「いくつかの半導体メーカーの方と話をする機会がありましたが、半導体ビジネス全体の動向として、『ダイ(コアが搭載されている半導体の本体)は多少大きくなっても構わないから、周辺機能を取り込み、ワンチップでシステムの中核をまかなえるようにする』というSoC(System On a Chip)へのニーズは高まっています。T2プロセッサも、そのコンセプトで設計されています」と堀口氏はこの構成を採用した理由を語る。
仮想化テクノロジの実現に関しては、従来からSolaris ContainerなどSolaris 10上でサポートされてきた。「仮想化の機能に力を入れるようになったのはT1000サーバをリリースした頃からです。その後、Solaris Containerの機能充実を図ってきましたが、今回はそれに加え、LDoms(Logical Domains)という物理的にサーバを分割する機能を導入しました」(堀口氏)

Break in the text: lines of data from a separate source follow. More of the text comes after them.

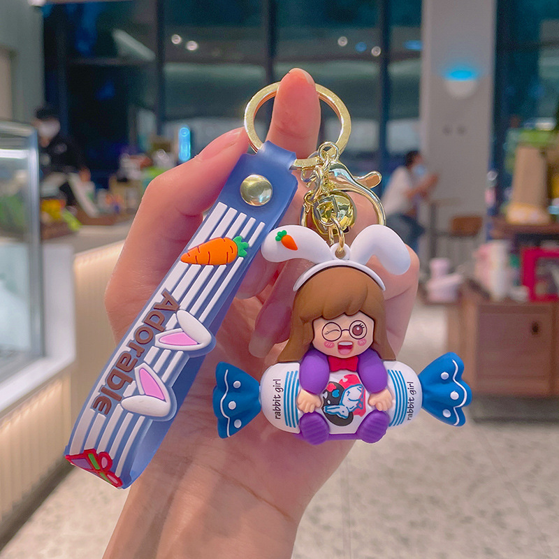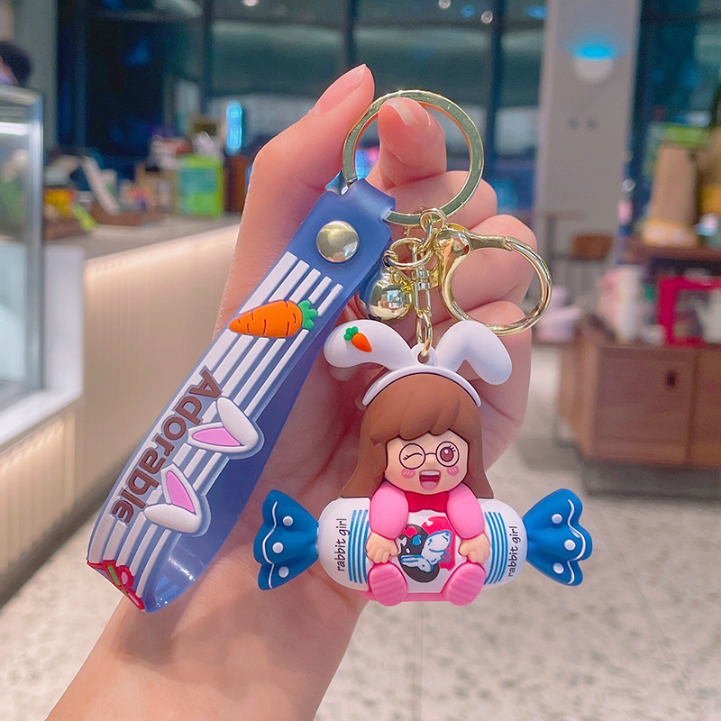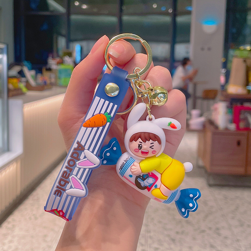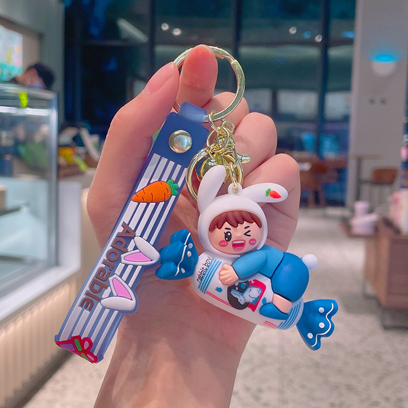 하얀 토끼 소년 소녀 귀여운 열쇠 고리 커플 인형 펜던트 열쇠 고리 가방 펜던트 자동차 열쇠 고리
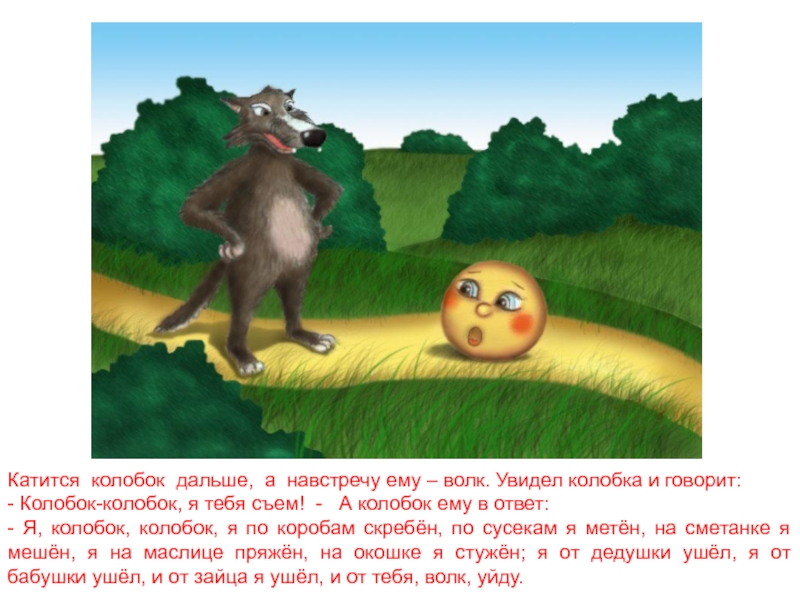 Слайд 5Катится колобок дальше, а навстречу ему – волк. Увидел колобка
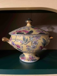 Vintage Hand-Painted Floral Pedestal Covered Bowl
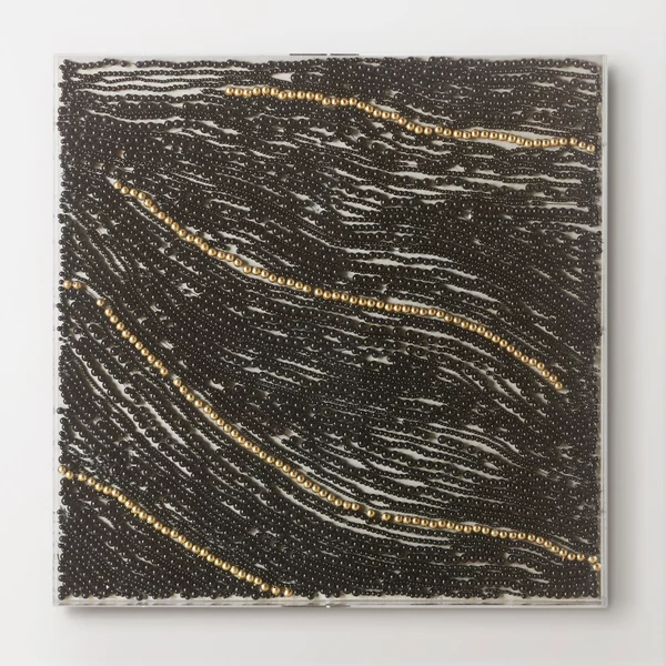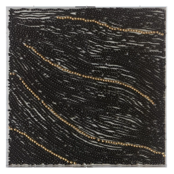 Perfect for adding texture, drama, and shine to your wall, this captivating composition features strands of black and gold beads displayed in a clear acrylic shadowbox frame.
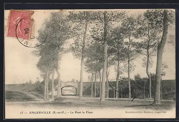 AK Angerville, Le Pont la Fleur et les arbres environnants
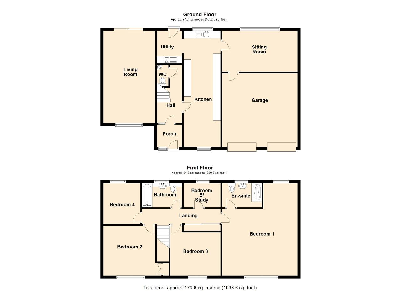 The first floor landing has useful built in storage cupboards and doors communicating off to five bedrooms. The principal room is a wonderfully large bedroom suite with dressing area and having an en-suite shower room with double shower, WC and wash hand basin, along with a heated towel rail and window to the rear. The remaining bedrooms are made up of three doubles all very well presented and the final bedroom being ideal for a home office or study. The family bathroom offers a white suite comprising of a bath with shower over and screen, wash hand basin with vanity unit and window to the rear.
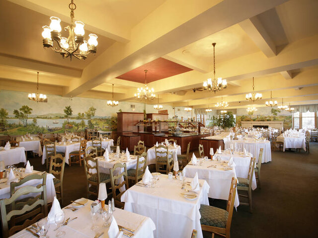 Dining room featuring dishes inspired by regional products. Enjoy your meal while admiring the beautiful mural and walls lined with items from the Coverdale Collection, which capture the rich history of the past.
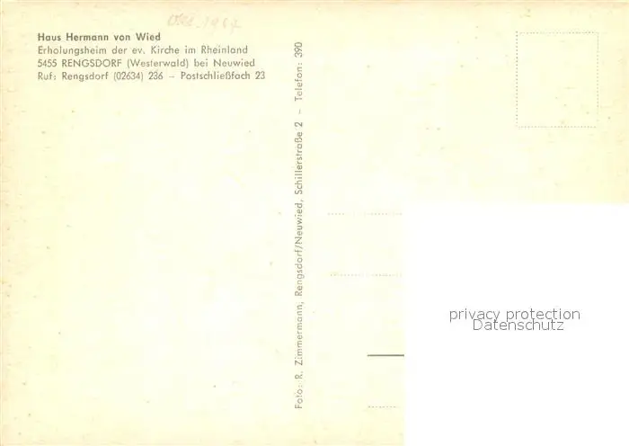 Rengsdorf Haus Hermann von Wied Erholungsheim der ev. Kirche Rengsdorf postalisch nicht gelaufen nach 1965 Erhaltung siehe scans [FriedD77] Frierer
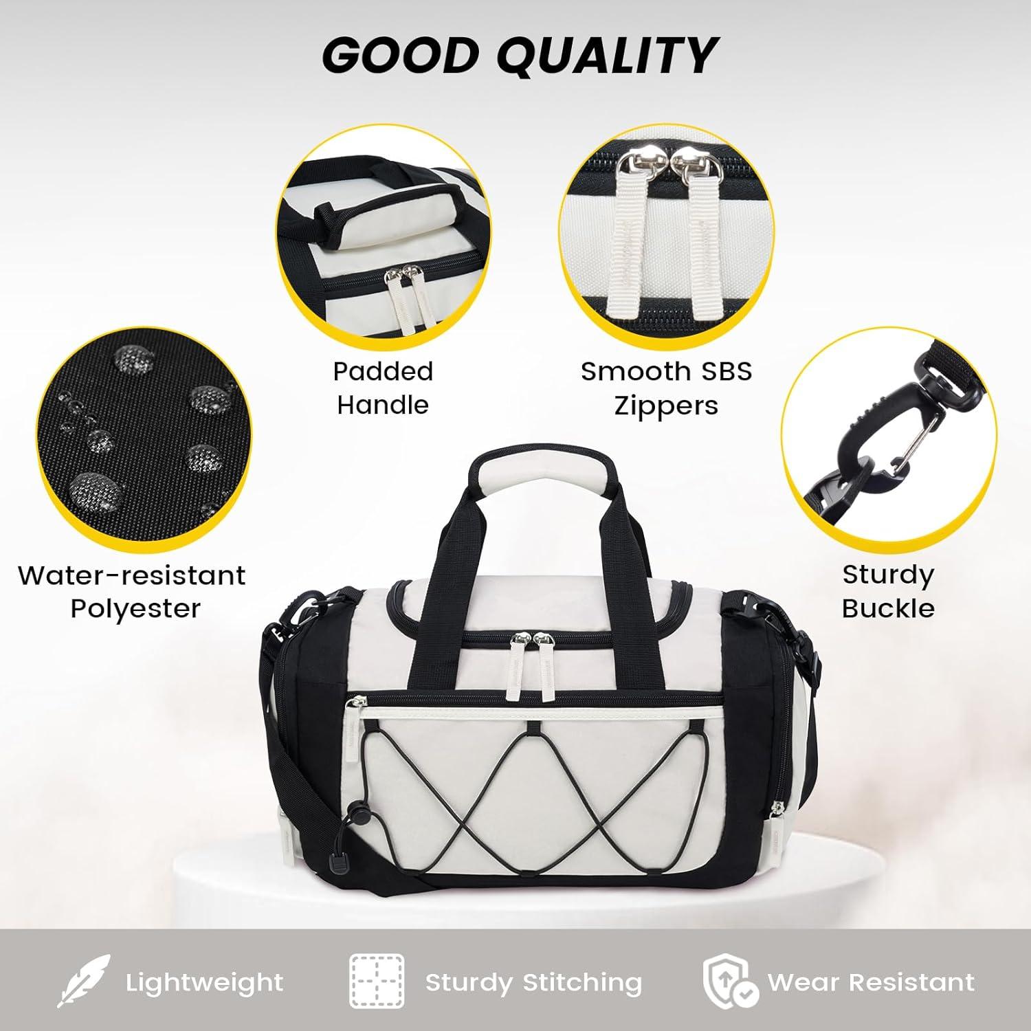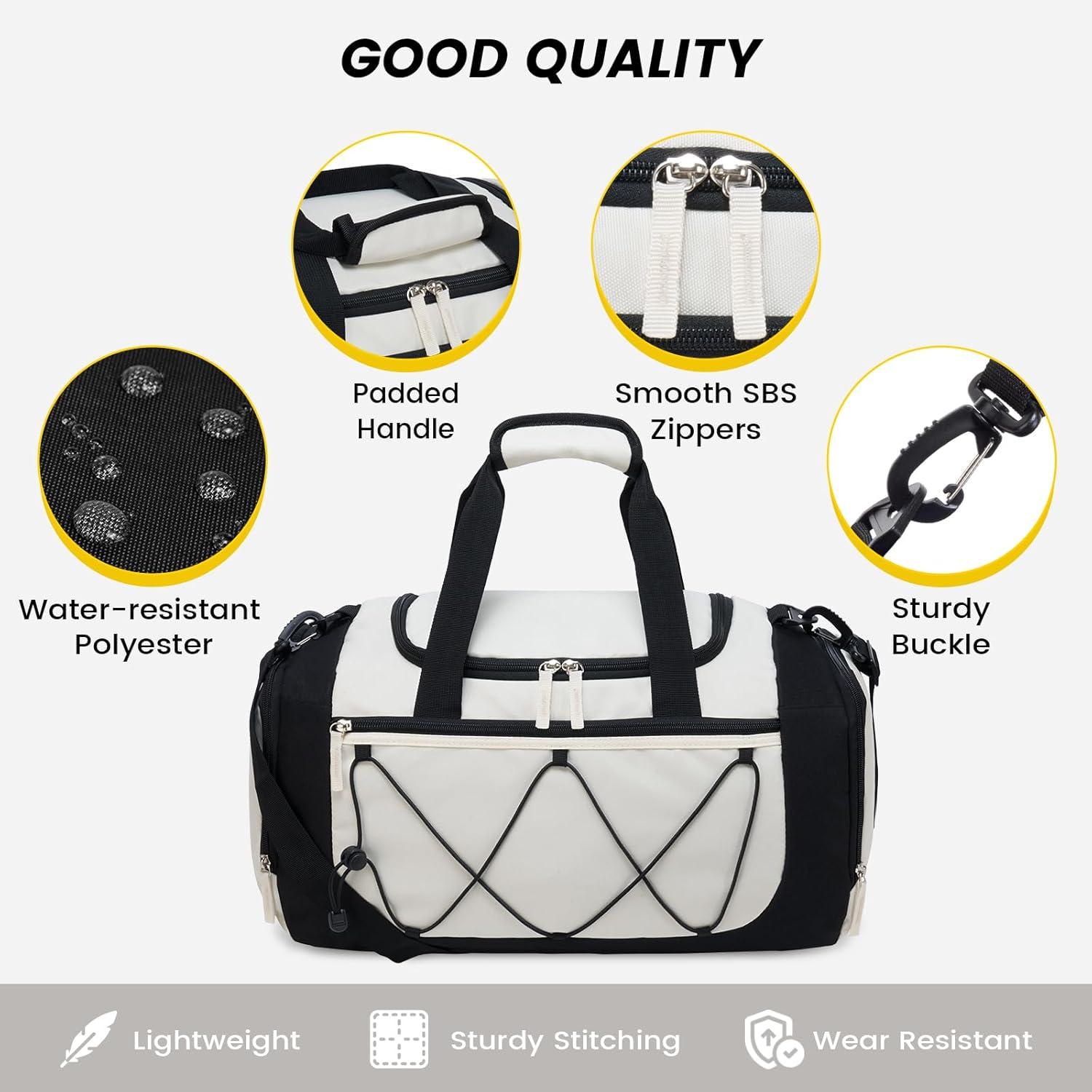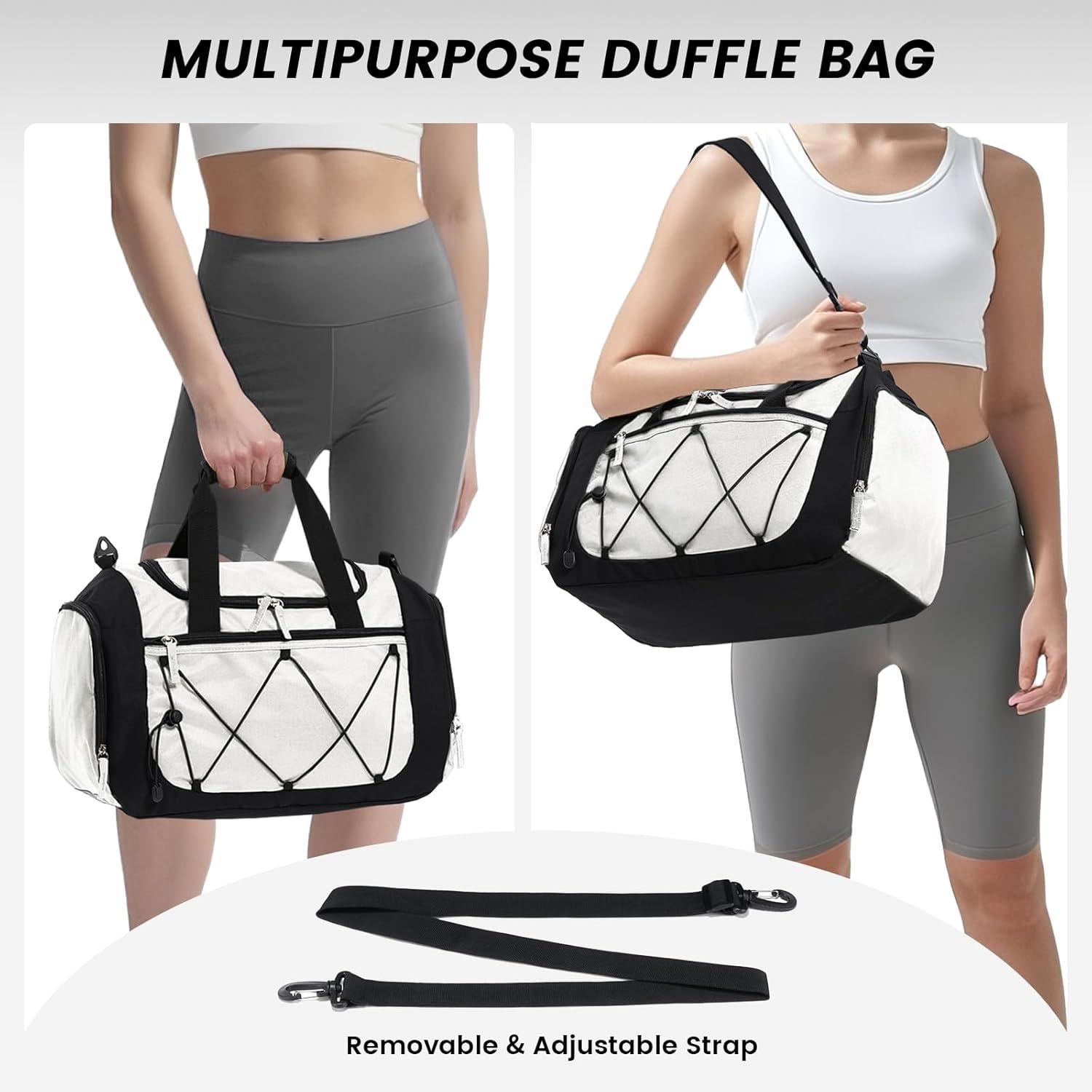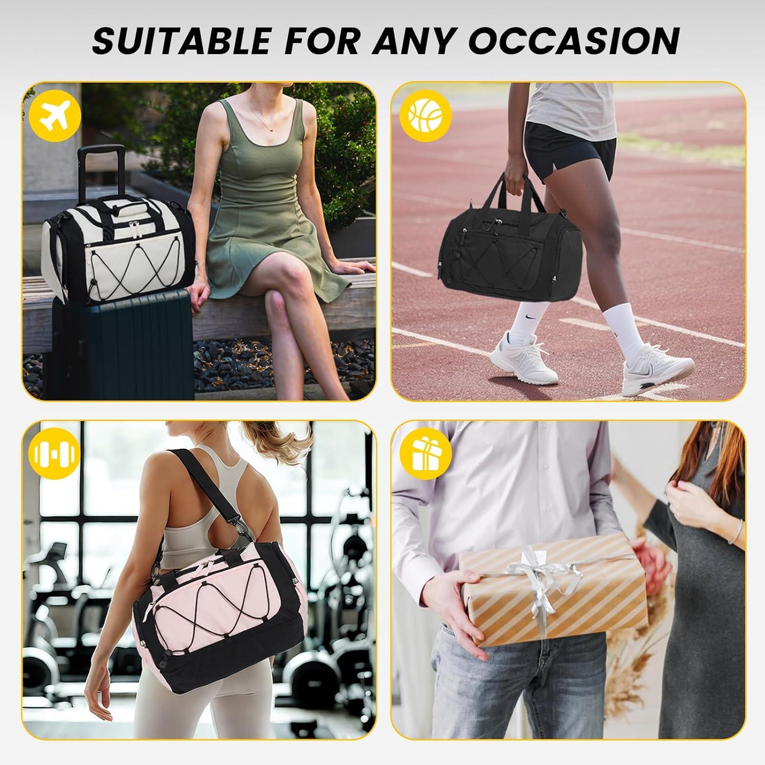 Multipurpose gym bags: With the perfect size and nice outlook, these duffle bags can be your good partner for going to gym, sports, or on short trips. It could be as an overnight bag, workout bag, sports bag, carry on bag, personal item travel bag, yoga bag, or weekender bag
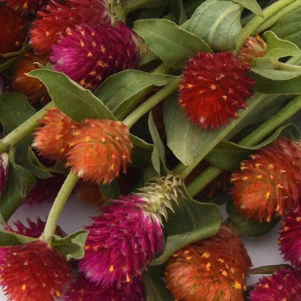 Gomphrena, or globe amaranth, is a heat loving flower. This variety is called "Strawberry Fields" and will grow to about 2 feet tall. These plants start slow but take off once the summer heat picks up. The blooms are fantastic either fresh or dried and attract some of the garden's smaller pollinators. The color makes it a perfect fall crafting addition for anyone who prefers working with natural materials.
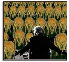 La que se analiza, es un montaje que usa la obra multiplicada -de ahí el título – y una fotografía de la prensa de Trump, en actitud agresiva y prepotente, con las manos abiertas para expresar que el hecho de su elección como Presidente de los EEUU es cierto. Algo así como: ¿no lo creen? Es importante observar el juego de los colores, las luces y las sombras, el foco intencional de la imagen y la originalidad de la repetición de una imagen como símbolo de sorpresa e incredulidad.
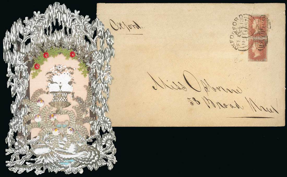 1857 (13 Feb.) plain envelope (with peripheral faults) bearing 1854-57 1d. (pair) tied by two Oxford sideways duplex cancellations, containing ornate die-cut Valentines card, partly handcoloured, and sixteen line love poem. Attractive and fine. Photo
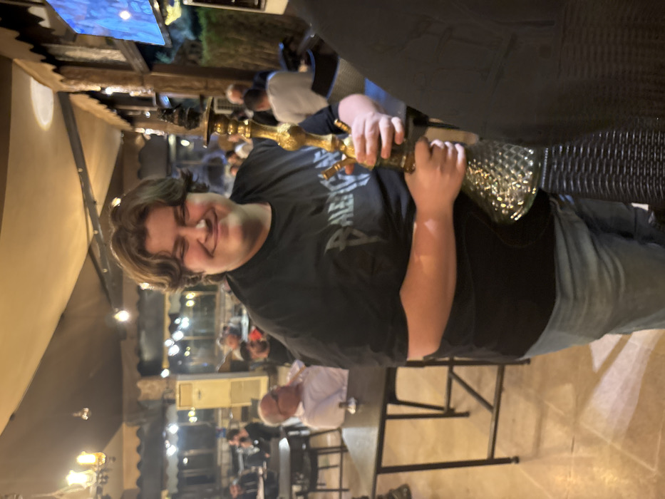 The image portrays an indoor or semi-outdoor cafe setting located in Barza Municipality, Syria, likely at night. The primary subject is a young adult male with medium-length brown hair, a round face, and a smiling expression with eyes partially closed. He is wearing a black short-sleeved t-shirt with stylized text across the chest (appearing to be "BALENCIAGA") and light blue jeans. He holds a golden-colored hookah pipe, featuring a clear, patterned glass base, with both hands to the right of his torso. In the background, several individuals are present, seated at dark tables with accompanying chairs. To the immediate left of the primary subject, an older male with light hair and glasses, dressed in a white collared shirt, is seated at a dark rectangular table, facing away from the camera. A small metallic object rests on his table. Other blurred patrons are visible further back. The environment features a light-colored floor, a suspended canopy or tent-like ceiling structure, and multiple decorative light fixtures, including a chandelier-style element. Wooden architectural accents and a wall-mounted screen are discernible on the right side of the frame. A dark, woven chair back is partially visible in the immediate foreground on the right.
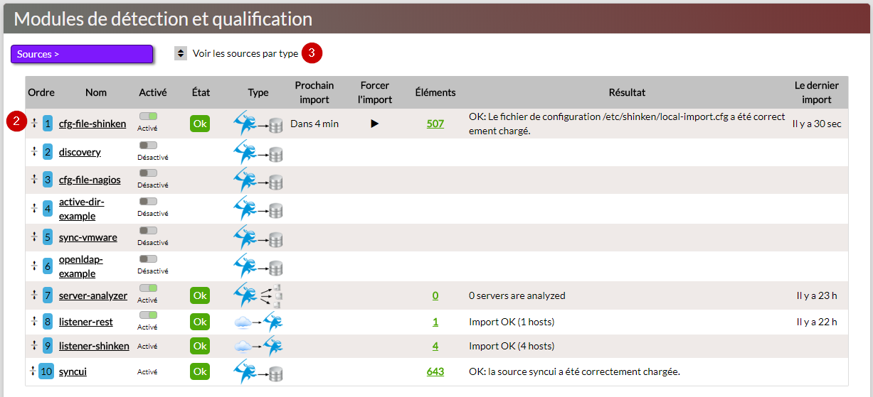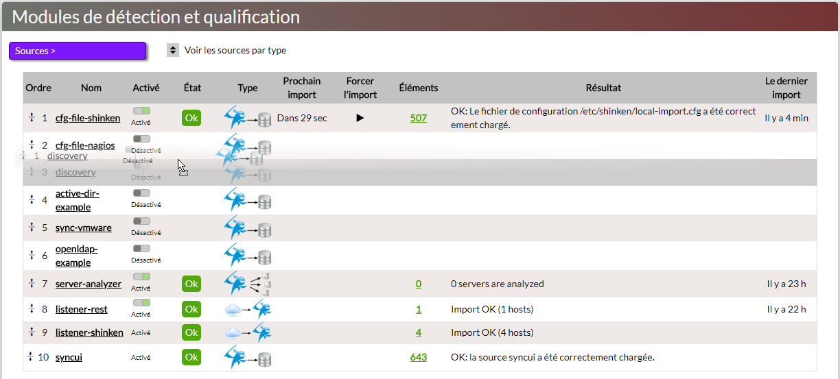 La liste de sources visibles dans l'interface est contrôlée par le fichier de configuration (fichier cfg) de votre Synchronizer, dans le répertoire /etc/shinken/synchronizers/.
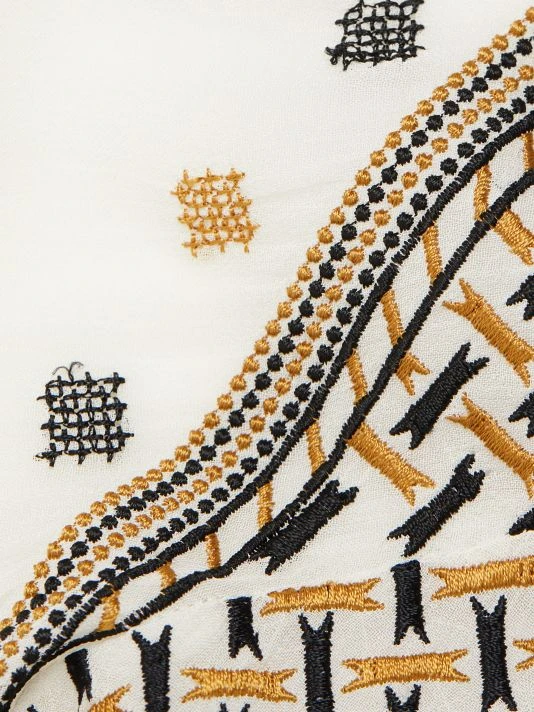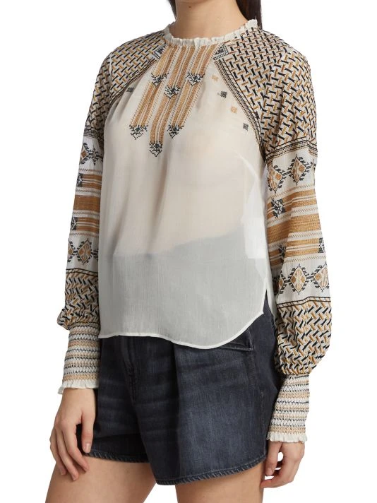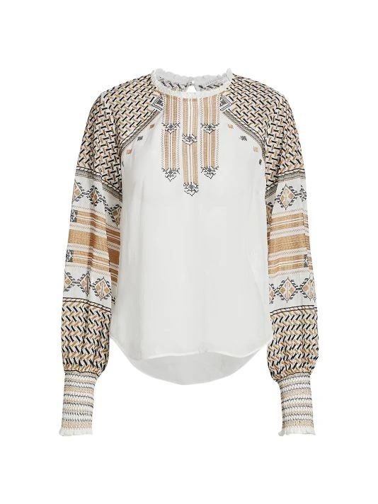 Designed with puff-sleeves and a ruffle collar, this blouse is decorated with geometric designs.

LDomsは、OS上での仮想化ではなく、PCでいうBIOSにあたるOBP(Open Boot Program)のさらに下位にスーパーバイザ層を設け、スーパーバイザがUltraSPARC T1、T2プロセッサの各コア、スレッドごとに仮想的なハードウェアを構築するものだ。こうすることで、Solaris ContainerのようにSolaris 10以外のOSをUltraSPARC T1、T2プロセッサを搭載しているサーバ上で利用できるようになる。現時点では、Solaris 10の他、UbuntuとWind Riverが動作する。これによりSolaris以外のOSでもUltraSPARC T1、T2プロセッサの性能を活用できるのだ。
このようなドメイン分割は従来大型の汎用機やUNIXハイエンド機に実装されていたものだが、CMTの実現に伴い、エントリーレベルのサーバでも実現できるようになっているのである。なお、LDomsに関しては、従来のUltraSPARC T1搭載のサーバでもファームウェア(OBP)の更新で利用できる。
もちろん、サンではUltraSPARC T2の能力をフルに活かすための活動も継続して行っていくという。堀口氏はこの点について、「現在アプリケーションがマルチスレッド環境を十分活用できていないと感じています。したがって、まずはSolaris Containerの活用による仮想化でパフォーマンスを引き出すというソリューションを提供しています。それに加え、OpenSolarisやOpenSPARCというように、OSやプロセッサの設計情報を公開することで、アプリケーションのマルチスレッド環境への対応を促す活動にも力を入れていきます。そしてマルチスレッド環境のパフォーマンスを活用できるアプリケーションが登場する手助けを行っていきたいと考えています」(堀口氏)
現時点でも、Solaris 10とUltraSPARCのマルチスレッド性能はすでに十分な魅力を備えていると言える。しかしこれらの環境が本領を発揮でき、性能を最大限に活用できるアプリケーションが登場する日も近いだろう。